MARTA General Manager Beverly Scott warned Monday that the transit agency needed to start preparing for deep service cuts in part because the state legislature failed to lift regulations on how much it can spend on operations.
That failure coupled with projections that sales tax revenues -- MARTA's main funding source -- will come up $130 million short in the next five years of what had been previously projected means the agency will have to make cuts to ensure it has the $40 million in operating reserves required by law.
"We will have to gut significant parts of the service," Scott said.
MARTA grapples financially because it depends on sales tax. By law it can only spend half the sales tax revenues on operations. In the economic downturn, the legislature suspended that state regulation to give the transit agency more financial flexibility but that exemption from the law ends in June 2013. The transit agency, banking on commitments from legislators, expected to keep the exemption for at least three more years but without it expects to lose a projected total of $9.7 million during that time.
That isn't much in a $400 million operating budget but officials said it is critical at a time when MARTA is struggling financially. They had wanted the state government regulation lifted permanently but had agreed to a compromise of suspending it for an additional three years. A cadre of house Democrats, however, fought the compromise because they opposed a short-term fix and also an aspect of the bill that undercut the Fulton County's Commission's board appointments.
Board Chairman Frederick L. Daniels said an upcoming management audit could identify inefficiencies that MARTA could target for savings. He also said that MARTA management's own internal reviews should identify other savings to keep service cuts from being draconian.
"I don't want our message to the public to be that immediately we are going to slash and burn," he said. "We have to be thoughtful at what we put on the table."
Chief Financial Officer Davis Allen presented figures showing the agency could alleviate the financial crunch in 2016 by a number of measures including increasing health care contributions from non-union employees from 15 to 25 percent for $4 million in savings by 2016 and cuts in management for an additional $8 million. Plus, the agency now expects to collect $10 million more than anticipated in fares during that period.
But even with those revisions, Davis said, MARTA's financial reserves will fall from a projected $132 million this coming fiscal year --which starts July 1 -- to$23 million in five years.
State Rep. Mike Jacobs, the Atlanta Republican who chairs as state board overseeing MARTA, said that the legislature could pass the three-year compromise early next legislative session and give the transit agency some more flexibility.
"It was a shame that House bill 1052 was torpedoed," Jacobs said. "I think it is going to be very important for the legislative leadership, including me, to work behind the scenes with MARTA to assure them that we will keep the commitment we made to give them an extra three years of relief. Having made that compromise, it becomes a promise on which we should deliver."
Scott, however, noted that the the compromise still would not make the MARTA funding model sustainable for the long term.
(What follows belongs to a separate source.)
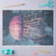 A rustic-style oil painting of a pink and purple jellyfish floating gracefully against a deep blue background, blending marine beauty with rich, moody tones.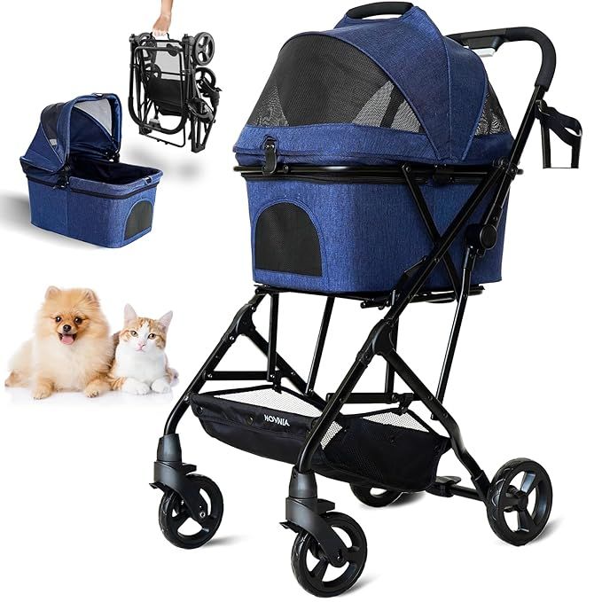 HOVNIA 3 in 1 Dog Stroller, Lightweight Foldable Pet Stroller, 4 Wheels Dog Cat Stroller with Removable Travel Carrier, No-Zip Canopy, Cup Holder, Large Storage Basket for Small Pet - Blue

She and other officials said the current financial projections left open the possibility that some projects might not be feasible even if voters approved a regional sales this July that has $600 million for MARTA for maintenance and upgrades for the aging system.
MARTA still won't have enough money to provide for long-term operating costs and maintenance under current projections, they said.
"If we don't have the ability to maintain it, we can't do it," said Dwight Ferrell, chief operating officer.